Comparison of GatorTron with existing biomedical and clinical transformer models for clinical concept extraction and medical relation extraction.

View this table:

Table 2.

Comparison of GatorTron with existing biomedical and clinical transformer models for semantic textual similarity, natural language inference, and question answering.

Fig. 1

An overview of study design.

Recognize clinical concepts and medical relations

Clinical concept extraction is a phrase-level task to identify the boundary of concepts with clinical meanings and classify their semantic categories (e.g., diseases, medications). As shown in Table 1, all three GatorTron models outperformed existing biomedical and clinical transformer models in recognizing various types of clinical concepts on the three benchmark datasets (i.e., 2010 i2b2⁴⁰ and 2012 i2b2⁴¹: problem, treatments, lab tests; 2018 n2c2⁴²: drug, adverse events, and drug-related attributes). The GatorTron-large model outperformed the other two smaller GatorTron models and achieved the best F1-scores of 0.8996, 0.8091, and 0.9000, respectively, demonstrating performance gain from scaling up the size of the model. For medical relation extraction – a task to identify medical relations between two clinical concepts, the GatorTron-large model also achieved the best F1-score of 0.9627 for identifying drug-cause-adverse event relations outperforming existing biomedical and clinical transformers and the other two smaller GatorTron models. We consistently observed performance improvement when scaling up the size of the GatorTron model.

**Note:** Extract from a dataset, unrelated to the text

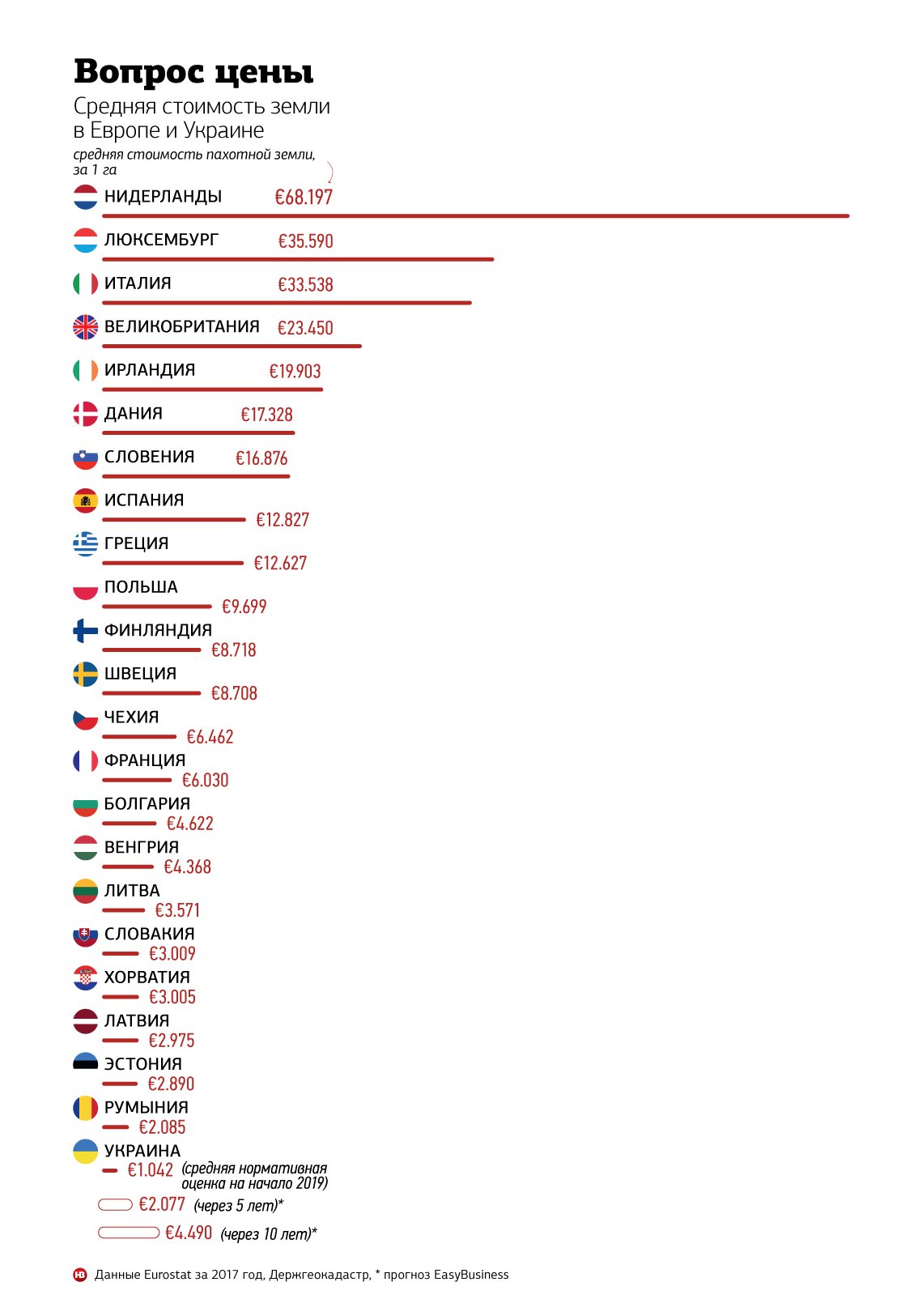Вот именно, реагируют в правительстве, неограниченный. И называют конкретные цифры: уже в первый год запуска рынок земли даст ВВП дополнительные 2% роста. Аналитический центр EasyBusiness прогнозирует, что в таком случае в ближайшее десятилетие украинский ВВП прирастет дополнительными $100 млрд. За это же время гектар подорожает вчетверо, до $5 тыс., и таким образом обойдет сегодняшнюю Венгрию ($4,8 тыс./га), хотя и не доберется до уровня Чехии ($7 тыс./га).

Assess semantic textual similarity

The task of measuring semantic similarity is to determine the extent to which two sentences are similar in terms of semantic meaning. As shown in Table 2, all GatorTron models outperformed existing biomedical and clinical transformer models in assessing the semantic similarity between two sentences. Among the three GatorTron models, the GatorTron-medium model achieved the best Pearson correlation score of 0.8903, outperforming both GatorTron-base and GatorTron-large. Although we did not observe consistent improvement by scaling up the size of the GatorTron model, the GatorTron-large model significantly outperformed GatorTron-base and its performance is very close to the GatorTron-medium model (0.8896 vs. 0.8903).

Natural language inference

The task of NLI is to determine whether a conclusion can be inferred from a given sentence – a sentence-level NLP task. As shown in Table 2, all GatorTron models outperformed existing biomedical and clinical transformers, and the GatorTron-large model achieved the best accuracy of 0.9020, outperforming the BioBERT and ClinicalBERT by 9.6% and 7.5%, respectively. We observed a monotonic performance improvement by scaling up the size of the GatorTron model.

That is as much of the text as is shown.